Heterocyclic Building Blocks-Benzothiophene

Bauman, Jonathon N. published the artcileCan In Vitro Metabolism-Dependent Covalent Binding Data Distinguish Hepatotoxic from Nonhepatotoxic Drugs? An Analysis Using Human Hepatocytes and Liver S-9 Fraction, Computed Properties of 40180-04-9, the main research area is hepatotoxic nonhepatotoxic drug liver covalent binding.

In vitro covalent binding studies in which xenobiotics are shown to undergo metabolism-dependent covalent binding to macromols. have been commonly used to shed light on the biochem. mechanisms of xenobiotic-induced toxicity. In this paper hepatotoxins and nonhepatotoxins were tested for their proclivity to demonstrate metabolism-dependent covalent binding to macromols. in human liver S-9 fraction (9000 g supernatant) or human hepatocytes, as an extension to previous work that used human liver microsomes published in this journal [Obachet al. (2008) Chem. Res. Toxicol.21, 1814-1822]. In the S-9 fraction, seven out of the nine drugs in each category demonstrated some level of metabolism-dependent covalent binding. Inclusion of reduced glutathione, cofactors needed by conjugating enzymes, and other parameters (total daily dose and fraction of total intrinsic clearance comprised by covalent binding) improved the ability of the system to sep. hepatotoxins from nonhepatotoxins to a limited extent. Covalent binding in human hepatocytes showed that six out of the nine hepatotoxins and four out of eight nonhepatotoxins demonstrated covalent binding. Taking into account estimates of total daily body burden of covalent binding from the hepatocyte data showed an improvement over other in vitro systems for distinguishing hepatotoxins from nonhepatotoxins; however, this metabolism system still displayed some false positives. Combined with the previous study using liver microsomes, these findings identify the limitations of in vitro covalent binding data for prospective prediction of hepatotoxicity for new drug candidates and highlight the need for a better understanding of the link between drug bioactivation, covalent adduct formation, and toxicity outcomes. Directly relating covalent binding to hepatotoxicity is likely an oversimplification of the process whereby adduct formation ultimately leads to toxicity. Understanding underlying complexities (e.g., which macromols. are important covalent binding targets, interindividual differences in susceptibility, etc.) will be essential to any understanding of the problem of metabolism-dependent hepatotoxicity and predicting toxicity from in vitro experiments

Chemical Research in Toxicology published new progress about Drug metabolism (covalent binding). 40180-04-9 belongs to class benzothiophene, name is 2-(2,3-Dichloro-4-(thiophene-2-carbonyl)phenoxy)acetic acid, and the molecular formula is C13H8Cl2O4S, Computed Properties of 40180-04-9.

Referemce:
Benzothiophene – Wikipedia,
Benzothiophene | C8H6S – PubChem

Bi, Yi-an published the artcileRole of Hepatic Organic Anion Transporter 2 in the Pharmacokinetics of R- and S-Warfarin: In Vitro Studies and Mechanistic Evaluation, Category: benzothiophene, the main research area is warfarin enantiomer liver clearance OAT2 pharmacokinetics pharmacogenomics; CYP2C9; organic anion transporter; pharmacokinetics; physiological based modeling; warfarin.

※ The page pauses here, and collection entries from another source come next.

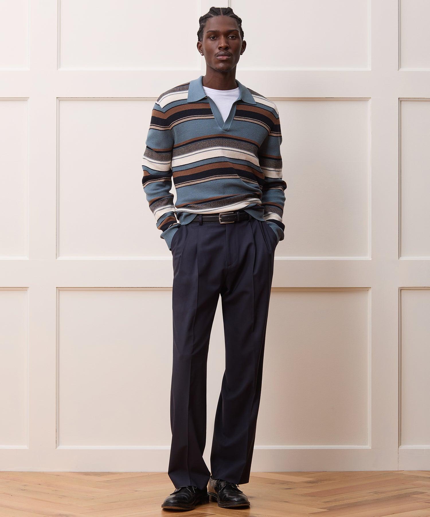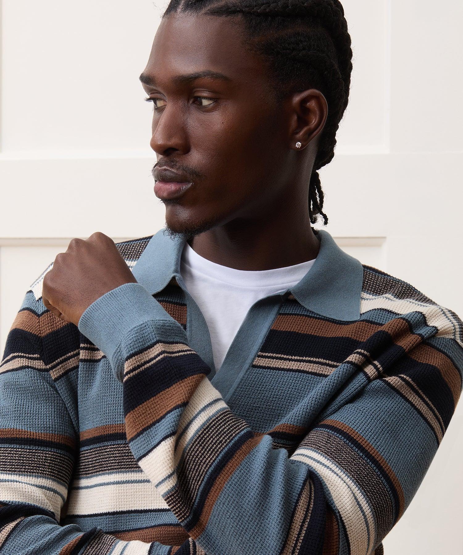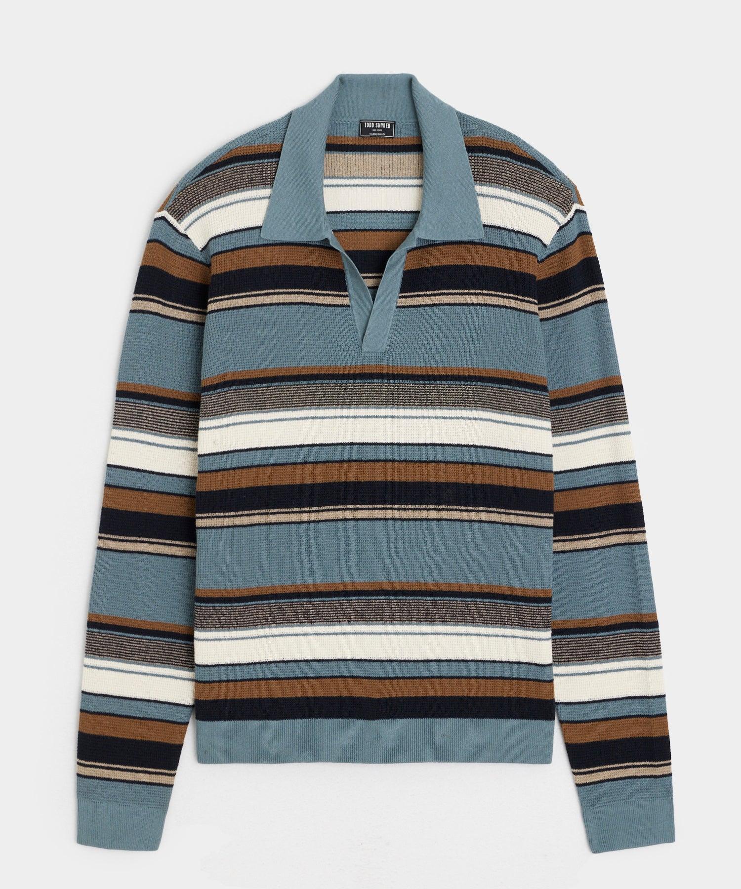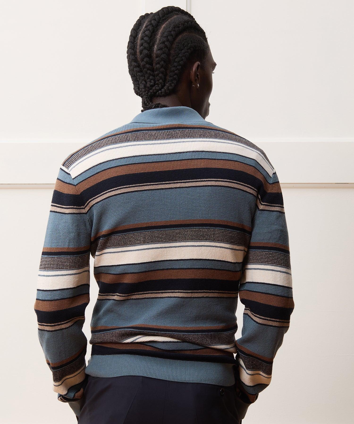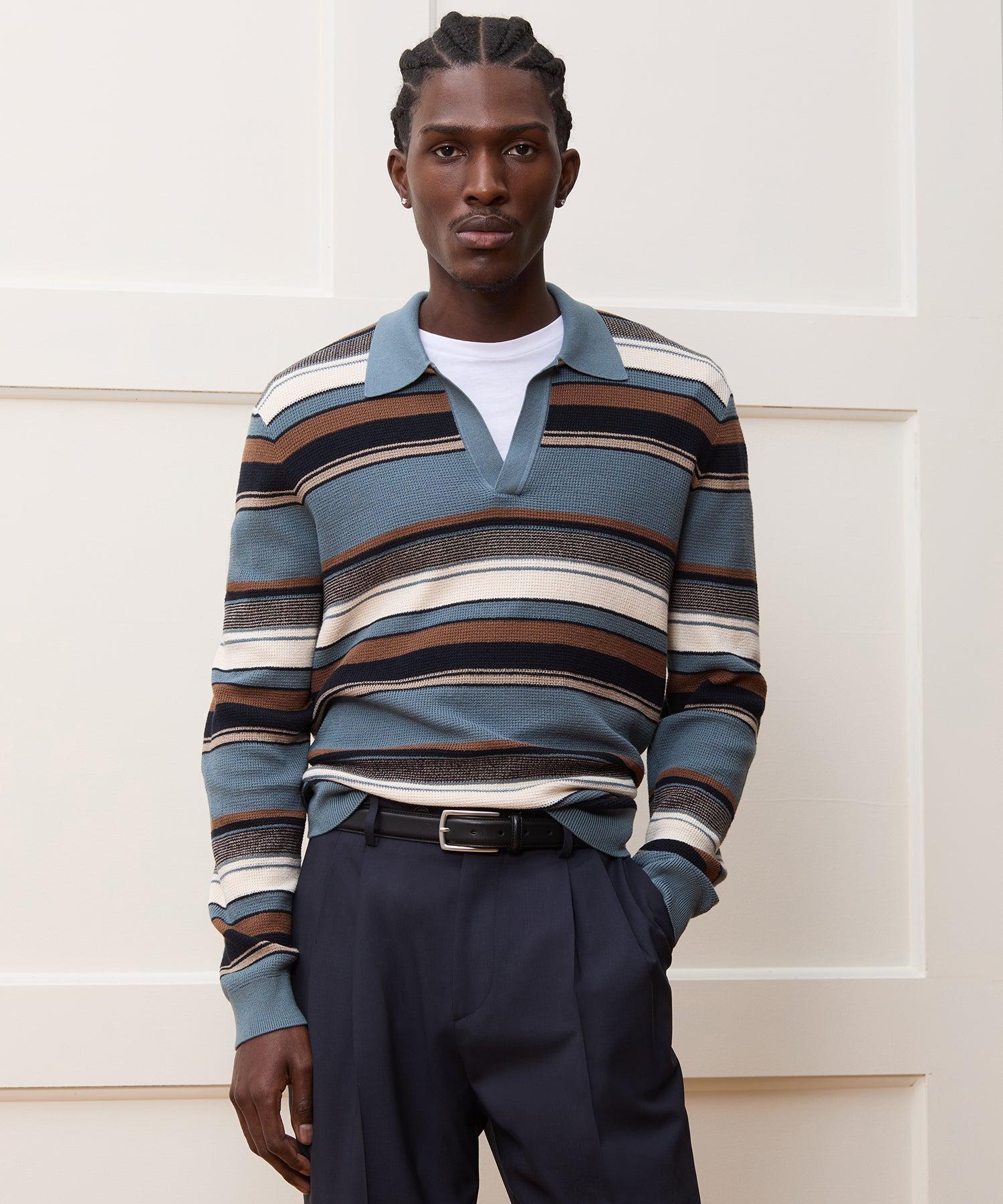 This easy polo is made from a soft and lightweight silk-and-cotton yarn, in coastal-inspired shades of brown, blue and white. It’s knit with a micro waffle stitch for a textured look and feel, with ribbing at the hem. It has a slightly easier fit than our standard polos, with our signature Johnny collar, open placket and a relaxed body. We like this styled casually, thrown on with your favorite chinos. 55% Silk, 45% Cotton Relaxed Fit Model is 6'1" and is wearing a size Medium Montauk Collar Ribbed Trim Vented Side Seams Made in China Dry clean or hand wash cold. Lay flat to dry. Cool iron if needed. Style SW5470093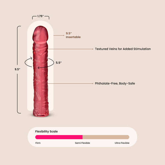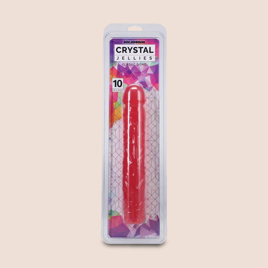 This flexible yet firmly pleasing dildo boasts a satisfying 10 inches of insertable length and a pliable, lifelike-feeling jelly body that's designed to look and feel like the real thing, sure to please you many times over.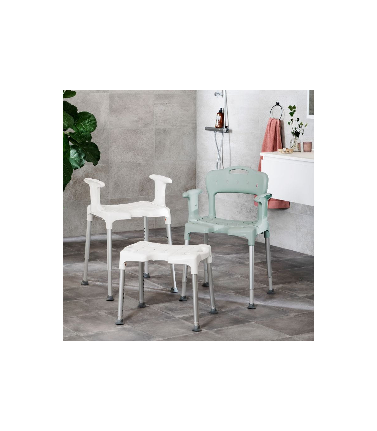Pour satisfaire tous les goûts et s'adapter à chaque intérieur, le siège de douche adulte réglable Etac Swift est disponible en trois coloris sobres et modernes : Bleu, vert et gris.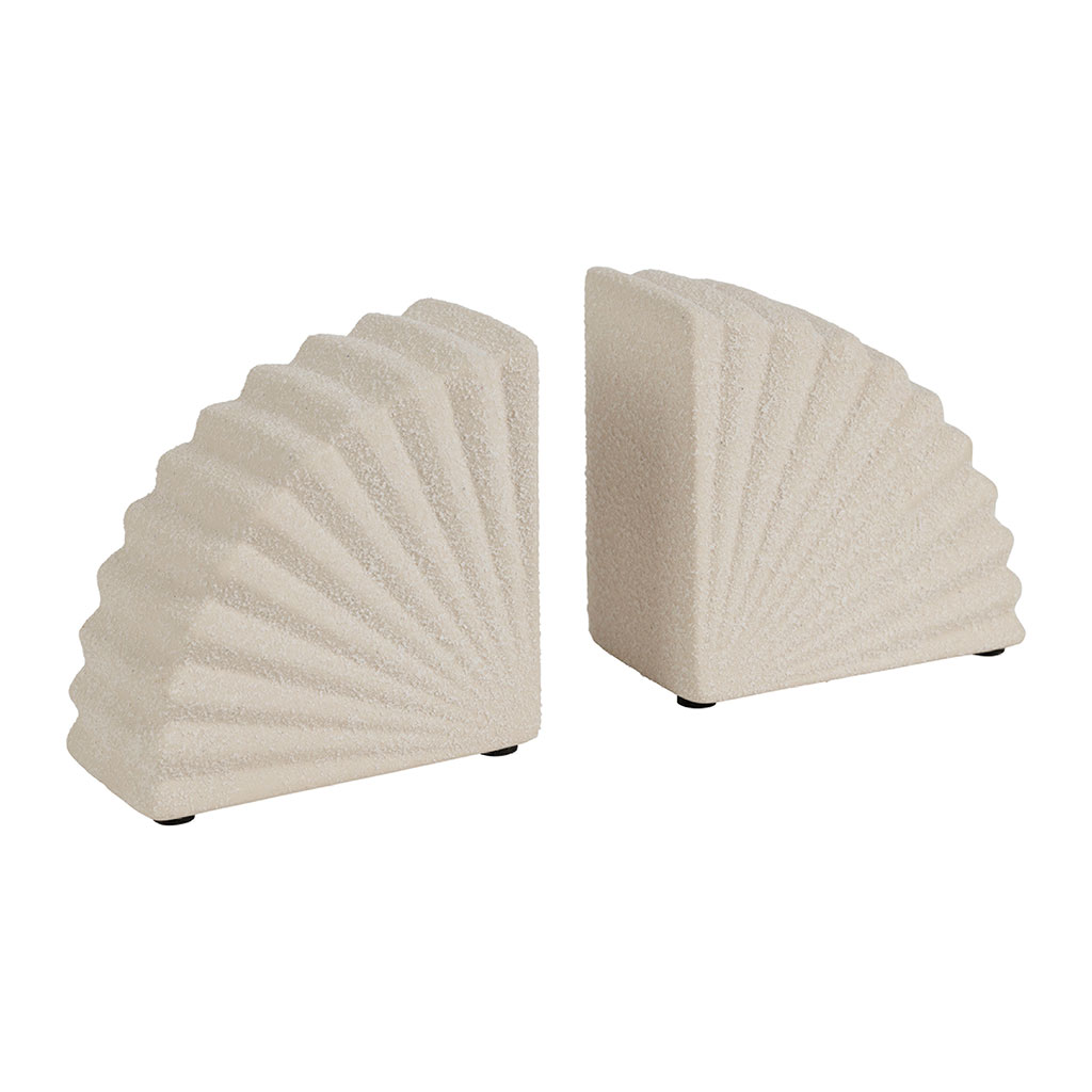 Inspirés par les courbes d’un éventail ou les vagues d’une coquille, ces serre-livres en grès blanc cassé apportent une touche graphique et minérale à votre bibliothèque.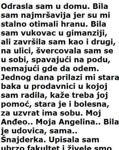 Moj Anđeo.. Moja Angelina.. Bila je udovica, sama.. Šnajderka. Upisala sam ubrzo fakultet i živele smo od mojih privatnih časova i bakine male penzije. Ali ne i od snova. Dala mi je sve, a najviše ljubavi. Mog anđela više nema, ali sada sam ponosna mama malog anđela koji nosi njeno ime. Hvala ti bako…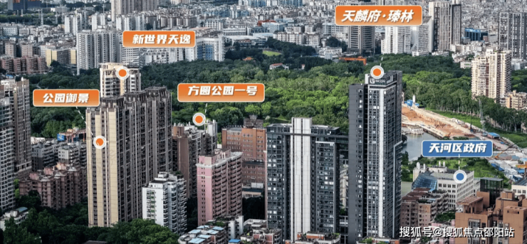 项目地处天河核心区,景观资源优越,东向 300 米直面天河公园,高楼层可南向眺望琶洲 CBD,尽享繁华与美景。

Interindividual variability in warfarin dose requirement demands personalized medicine approaches to balance its therapeutic benefits (anticoagulation) and bleeding risk. Cytochrome P 450 2C9 (CYP2C9) genotype-guided warfarin dosing is recommended in the clinic, given the more potent S-warfarin is primarily metabolized by CYP2C9. However, only about 20-30% of interpatient variability in S-warfarin clearance is associated with CYP2C9 genotype. We evaluated the role of hepatic uptake in the clearance of R- and S-warfarin. Using stably transfected HEK293 cells, both enantiomers were substrates of organic anion transporter (OAT)2 with a Michaelis-Menten constant (Km) of ∼7-12 μM but did not show substrate affinity for other major hepatic uptake transporters. Uptake of both enantiomers by primary human hepatocytes was saturable (Km ≈ 7-10 μM) and inhibitable by OAT2 inhibitors (e.g., ketoprofen) but not by OATP1B1/1B3 inhibitors (e.g., cyclosporine). To further evaluate the potential role of hepatic uptake in R- and S-warfarin pharmacokinetics, mechanistic modeling and simulations were conducted. A “”bottom-up”” PBPK model, developed assuming that OAT2-CYPs interplay, well recovered clin. pharmacokinetics, drug-drug interactions, and CYP2C9 pharmacogenomics of R- and S-warfarin. Clin. data were not available to directly verify the impact of OAT2 modulation on warfarin pharmacokinetics; however, the bottom-up PBPK model simulations suggested a proportional change in clearance of both warfarin enantiomers with inhibition of OAT2 activity. These results suggest that variable hepatic OAT2 function, in conjunction with CYP2C, may contribute to the high population variability in warfarin pharmacokinetics and possibly anticoagulation end points and thus warrant further clin. investigation.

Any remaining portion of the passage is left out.